Roure v. Superior Court of Puerto Rico

99 P.R. 808
CourtSupreme Court of Puerto Rico
DecidedApril 21, 1971
DocketNo. O-71-36
StatusPublished

This text of 99 P.R. 808 (Roure v. Superior Court of Puerto Rico) is published on Counsel Stack Legal Research, covering Supreme Court of Puerto Rico primary law. Counsel Stack provides free access to over 12 million legal documents including statutes, case law, regulations, and constitutions.

Bluebook
Roure v. Superior Court of Puerto Rico, 99 P.R. 808 (prsupreme 1971).

Opinion

Mr. Justice Dávila

delivered the opinion of the Court.

More than 50 years ago in Sureda v. Sureda, 22 P.R.R. 621, (1915), on the grounds that the wife “can have no other domicile than that of her husband and the Civil Code confers upon her no right to select any she pleases,” we set aside the transfer of an action for divorce, ordered by the District Court of Mayagüez to the District Court of Ponce.
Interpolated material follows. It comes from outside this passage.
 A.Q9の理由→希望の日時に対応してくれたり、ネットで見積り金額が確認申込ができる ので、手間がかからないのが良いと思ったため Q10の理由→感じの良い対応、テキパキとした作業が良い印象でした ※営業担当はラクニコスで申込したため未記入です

The same question was raised before the trial court in the instant case. [809]*809In deciding the same it stated “we, the trial judges, are bound to follow the rules established by the Supreme Court, even though we believe as in the instant case, that it is time to review them, and that as a matter of fact, they are being reviewed.”
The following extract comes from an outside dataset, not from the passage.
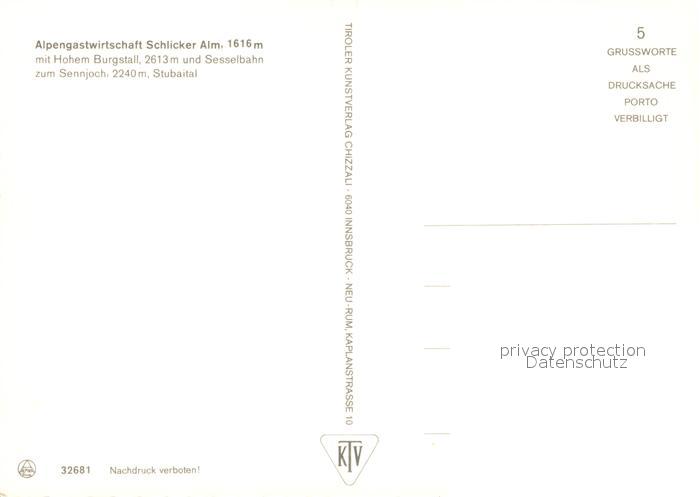13233135 Fulpmes Tirol Alpengastwirtschaft Schlicker Alm Hohe Burgstall postalisch nicht gelaufen Erhaltung siehe scans [NatalD47] KatCode: 11390332070310

Sureda decided the question relying on the provisions of § 90 of the Civil Code, 1930 ed., 31 L.P.R.A. § 283, to the effect that the wife’s domicile is that of her husband. But ever since we issued the ruling in Sureda to this date, the approach and development of the law have been altered by currents of modernization and justice. And these currents affect the approval of laws as well as their construction. It becomes archaic, unfair and discriminatory to construe laws on the basis of a fiction. Each motion for change of venue should be decided according to its merits, pursuant to the rules established for all the litigants. In this case the defendant wife resides within the demarcation of another of the Parts of the Superior Court. Plaintiff himself so alleges in his complaint. The most reasonable thing is that the trial be held where the defendant resides and where it is easier and more feasible for her to introduce her evidence.

Sureda v. Sureda, supra, is overruled.

Judgment will be rendered accordingly.